Prolog
Klosterregeln
Der Hl. Benedikt von Nursia schuf im 6. Jahrhundert mit seiner „Regula Benedicti“,
in 73 Kapiteln gegliedert, die Grundlagen des klösterlichen Lebens und Arbeitens,
die bis heute gültig sind.
Mit seinem Wahlspruch „ora et labora“ (bete und arbeite) strebte er eine Einheit
der geistigen und materiellen Welt an. Die Arbeit sollte als eine Fortsetzung
der göttlichen Schöpfung verstanden werden.
Außer Regeln für den klösterlichen Alltag und Verhaltensregeln, wie Gastfreundschaft,
Körperpflege, Krankenpflege, Ernährung und Tugenden - z.B. die Achtsamkeit und
Mäßigung betreffend - wurden auch wirtschaftliche und kulturelle Werte definiert.

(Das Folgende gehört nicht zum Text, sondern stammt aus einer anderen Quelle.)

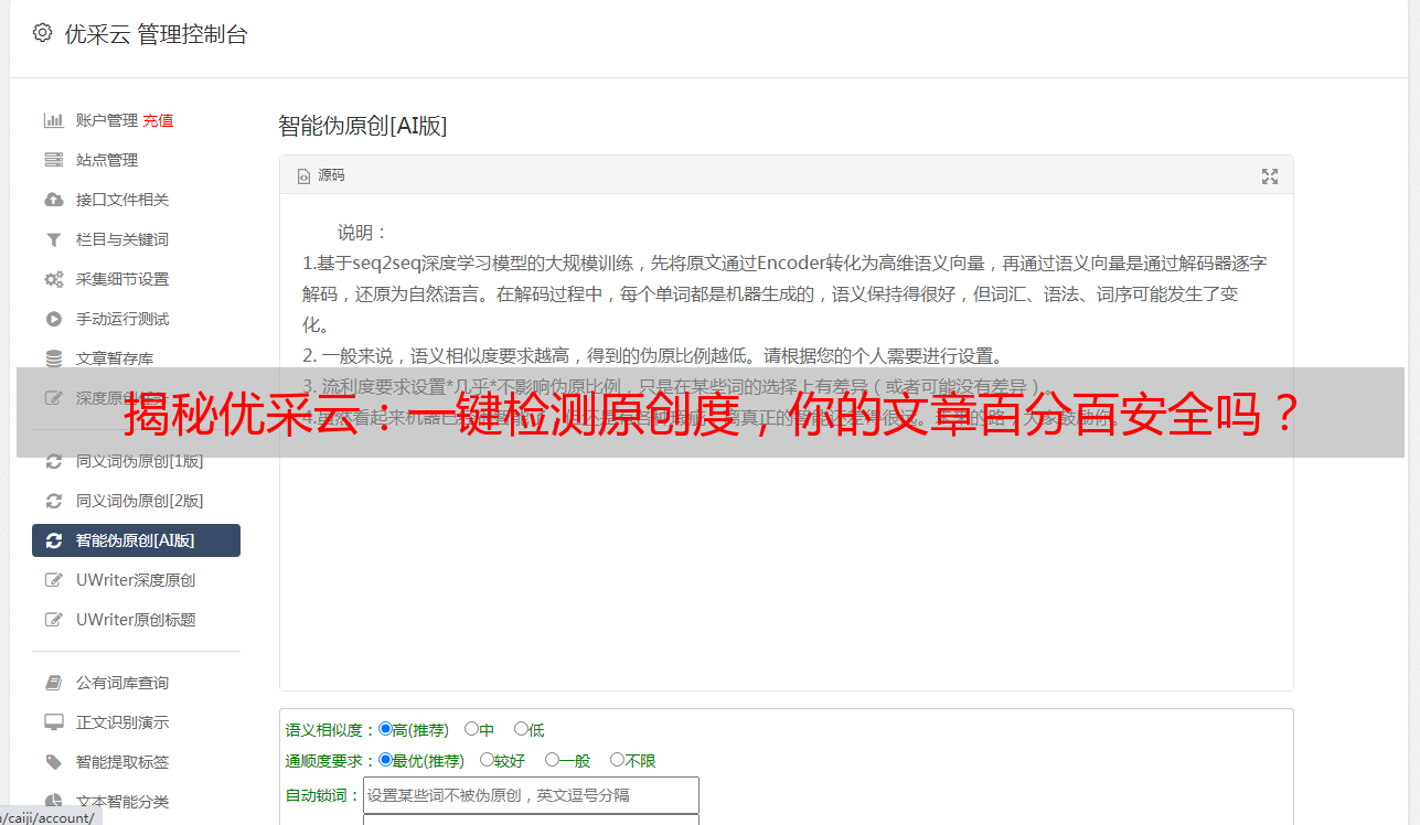 揭秘优采云:一键检测原创度,你的文章百分百安全吗?

Ein wesentlicher Wert, der in den Regeln festgelegt wurde, war die Autonomie
der Klöster, verbunden aber mit der Auflage, daß weder einzelne Nonnen bzw. Mönche
noch die Klostergemeinschaft den Ort verlassen dürften (stabilitas loci). Sie
sollten mit dem zufrieden sein, was der jeweilige Ort bietet und durch Handwerk
und Landwirtschaft die wirtschaftliche Unabhängigkeit ihres Klosters sichern.
Mit diesen Prinzipien einer örtlichen und schonenden Kreislaufwirtschaft hat
der Hl. Benedikt die Basis dessen geschaffen, was wir heute Nachhaltigkeit, Umweltbewusstsein,
soziale Verantwortung, ökologische Landwirtschaft und Stärkung der Region nennen.

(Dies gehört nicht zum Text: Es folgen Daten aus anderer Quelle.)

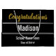 Grattisar till student! I mitten finns det en ställe för student namn i vit text. I toppen står det "Grattisar" i skriften "Faux (inte foil) guld. I grund kan du lägga till årsklassen och namn i student skola. Texten är också vit. Säcken är svart.

Kontinuität & Nachhaltigkeit
Besonders die Benediktiner- und Zisterzienserorden lebten und arbeiteten seit
der “regula benedicti” nach dem Ziel, daß all ihr Tun Gott und Sein Werk verherrlichen
und dem Wohl des Menschen dienen solle.
Die Natur wurde als Leihgabe Gottes verstanden und so behandelt.

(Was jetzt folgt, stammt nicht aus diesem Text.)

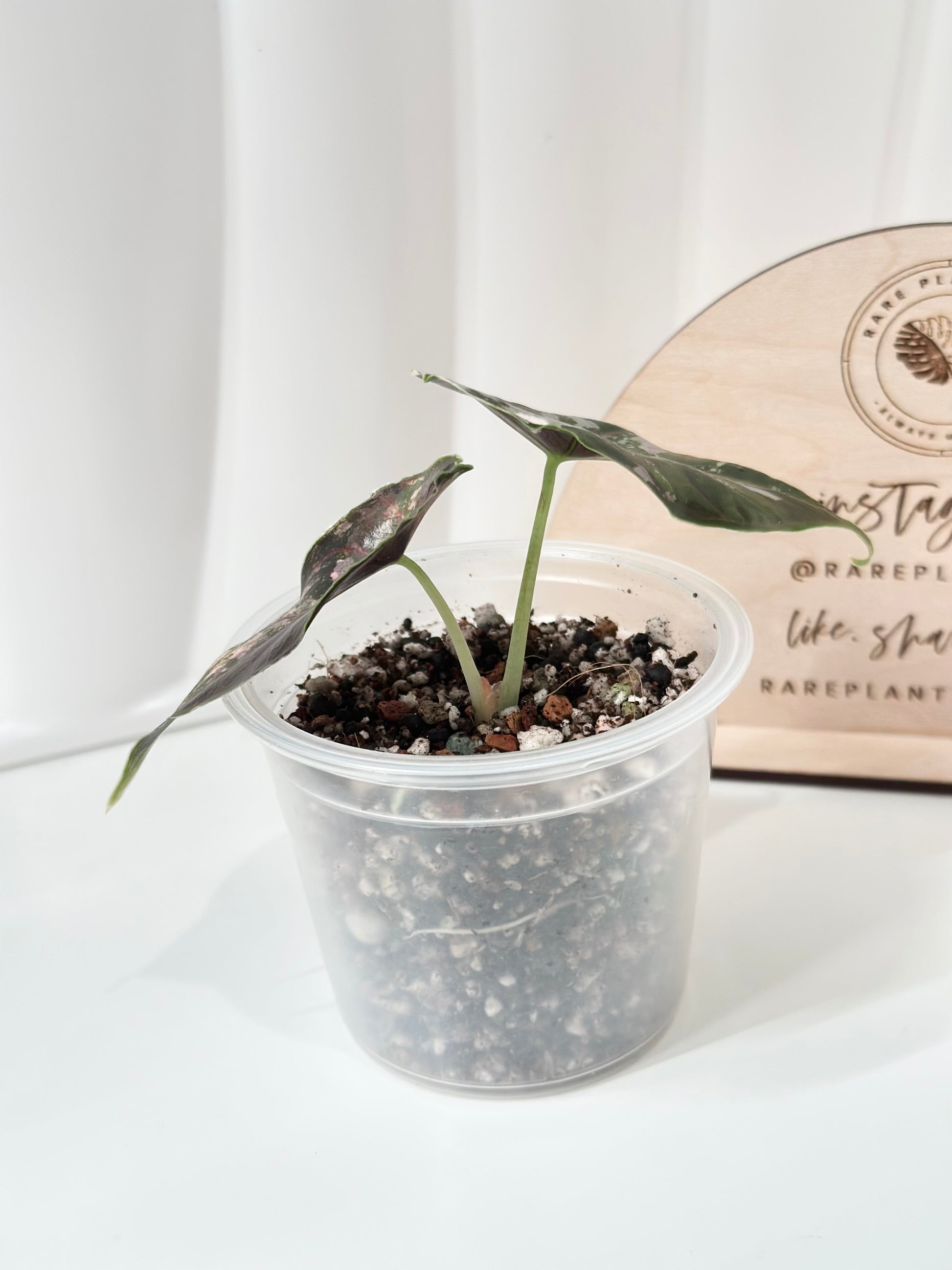 Alocasia Azlanii variegated - albo/pink. This exact plant is growing at least 2 corms.

Habgier und Verschwendung waren verboten (Reg. Benedicti Kap. 31).
Die durch Fleiß und Geschick erwirtschafteten Überschüsse in den Klöstern flossen
in karitative Aufgaben, wie z.B. Schulen, Krankenhäuser oder Kinderheime, oder
wurden zum Erhalt und zur Pflege der Kulturschätze gebraucht. Die Klöster entwickelten
sich bald zu geistigen und wirtschaftlichen Zentren ihrer Region und leisteten
einen enormen Beitrag zur Entwicklung von Landwirtschaft, Weinbau, Heilkunde,
Baukunst u.v.m. . Damit schufen sie eine der Grundlagen unserer europäischen
Kultur.
Die Klöster sorgten außerdem für die Aufbewahrung und Vervielfältigung literarischer
Schätze, widmeten sich der Erziehung, der Pflege der Wissenschaften und Künste
sowie der Musik.
Werte & Qualität
Diese bis heute gültigen Handlungswerte sichern eine verantwortungsbewusste,
authentische und nachhaltige Herstellungsweise, sowie eine außergewöhnliche
Qualität.
Mit diesen Werten ist es nicht vereinbar, daß heute übliche Zusatzstoffe, wie
Geschmacksverstärker, künstliche Farb- und Konservierungsstoffe, künstliche
Aromen, etc. Verwendung finden.
Obwohl nur wenige der angebotenen Klosterwaren nach kontrolliert biologischem
Anbau zertifiziert sind, werden alle nach ökologischen Prinzipien angebaut
und hergestellt. In allen Klöstern kümmern sich beauftragte Nonnen bzw. Mönche
persönlich um die Reinheit und Qualität ihrer Erzeugnisse und garantieren diese
auch.
Die Klosterprodukte werden in einem langsamen Herstellungsprozeß mit geringen
Stückzahlen in sorgsamer Handarbeit hergestellt. Das macht sie so wertvoll,
gerade in einer Zeit der Wegwerfmentalität, Uniformität, Schnellebigkeit und
weltweiten Verfügbarkeit üblicher Massenprodukte. Deshalb halten wir Klosterprodukte
für förderungswürdig.
Wir haben in diesem Katalog eine besondere Auswahl an feinen Genüssen und natürlichen
Pflegemitteln zusammengestellt, hochwertige Waren von denen wir selbst überzeugt
sind. Dabei möchten wir Freude an der Einzigartigkeit dieser Klostererzeugnisse
wecken und hoffen, etwas von unserer Begeisterung auf unsere Kunden übertragen
zu können.
Gönnen Sie sich etwas Gutes für Leib und Seele.